YOUR TASK.
Write out the data that follows exactly, keeping every picture out.
+++ SOURCE DATA +++
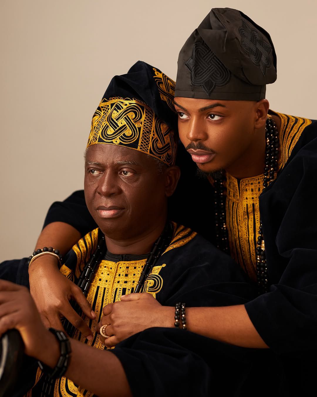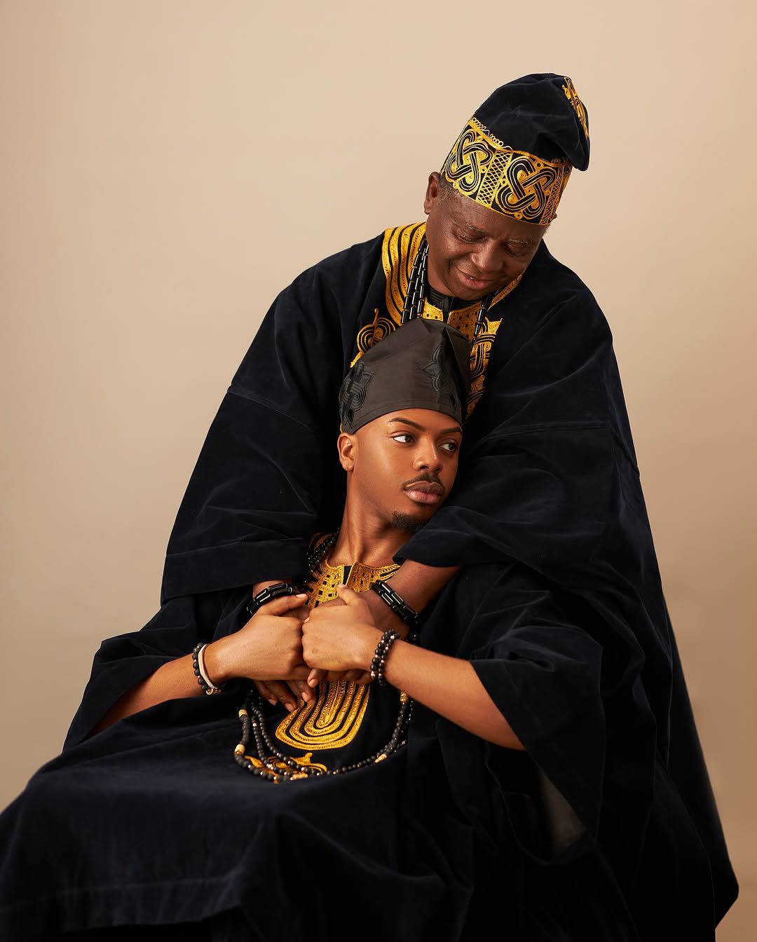 In one post, Enioluwa and his dad are twinning in matching traditional Yoruba attire. Both are dressed in black velvet agbadas with beautiful gold embroidery, paired with matching black caps and walking sticks. It’s the ultimate display of Yoruba elegance and gentlemanly charm.
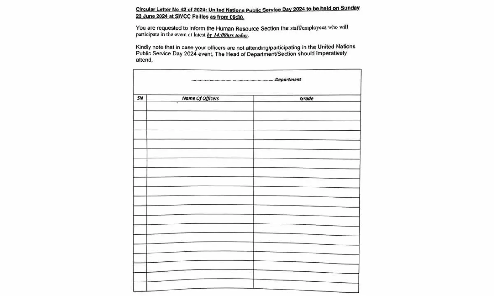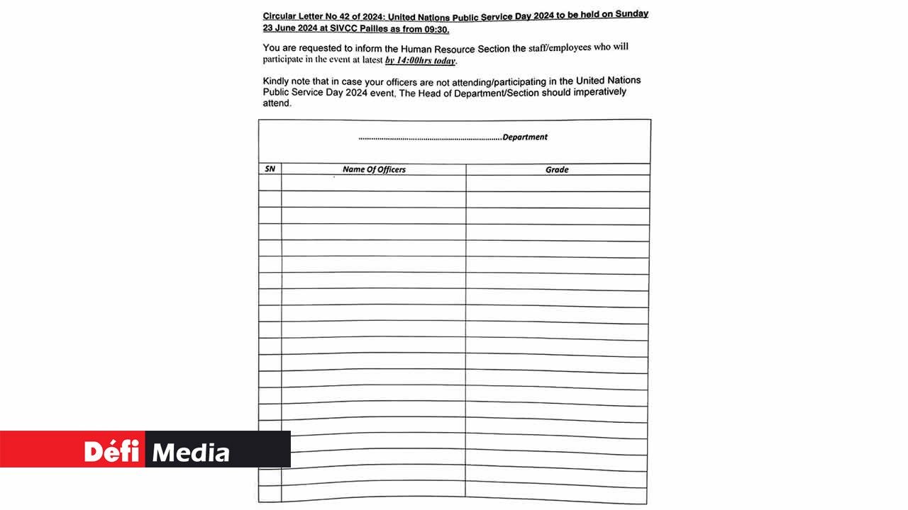 Toujours dans le cadre de cet événement, la lettre circulaire No 42 de 2024 a été émise pour demander aux chefs de département d’informer les Human Resources Sections de chaque ministère de communiquer sur les employés qui seront présents. « Notez qu’au cas où vos officiers ne participent pas, le Chef de département/section doit être impérativement présent », précise encore la circulaire.
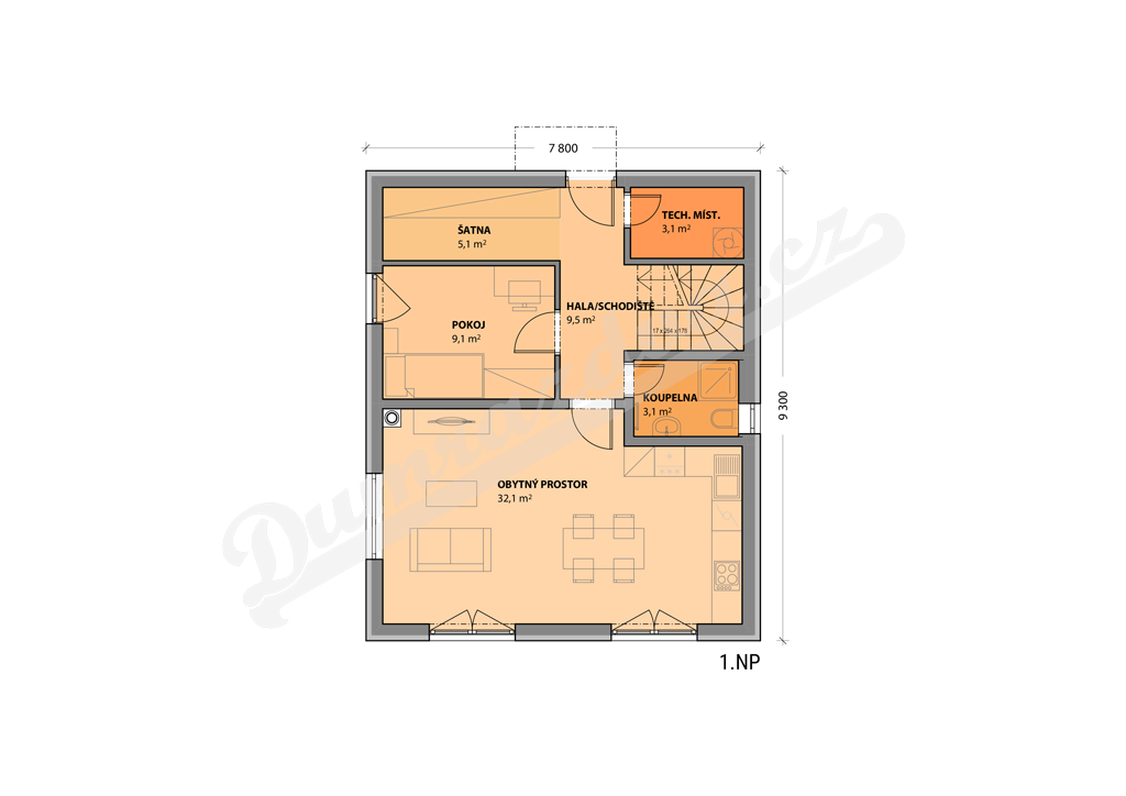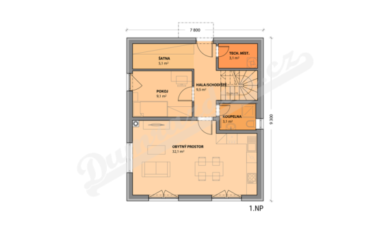 Přízemí – Hala, obytný prostor spojený s kuchyní s jídelnou a vstupem na terasu, pokoj, koupelna s toaletou, šatna, technická místnost
+++
EXERCISE SOLUTION.
 In one post, Enioluwa and his dad are twinning in matching traditional Yoruba attire. Both are dressed in black velvet agbadas with beautiful gold embroidery, paired with matching black caps and walking sticks. It’s the ultimate display of Yoruba elegance and gentlemanly charm.
 Toujours dans le cadre de cet événement, la lettre circulaire No 42 de 2024 a été émise pour demander aux chefs de département d’informer les Human Resources Sections de chaque ministère de communiquer sur les employés qui seront présents. « Notez qu’au cas où vos officiers ne participent pas, le Chef de département/section doit être impérativement présent », précise encore la circulaire.
 Přízemí – Hala, obytný prostor spojený s kuchyní s jídelnou a vstupem na terasu, pokoj, koupelna s toaletou, šatna, technická místnost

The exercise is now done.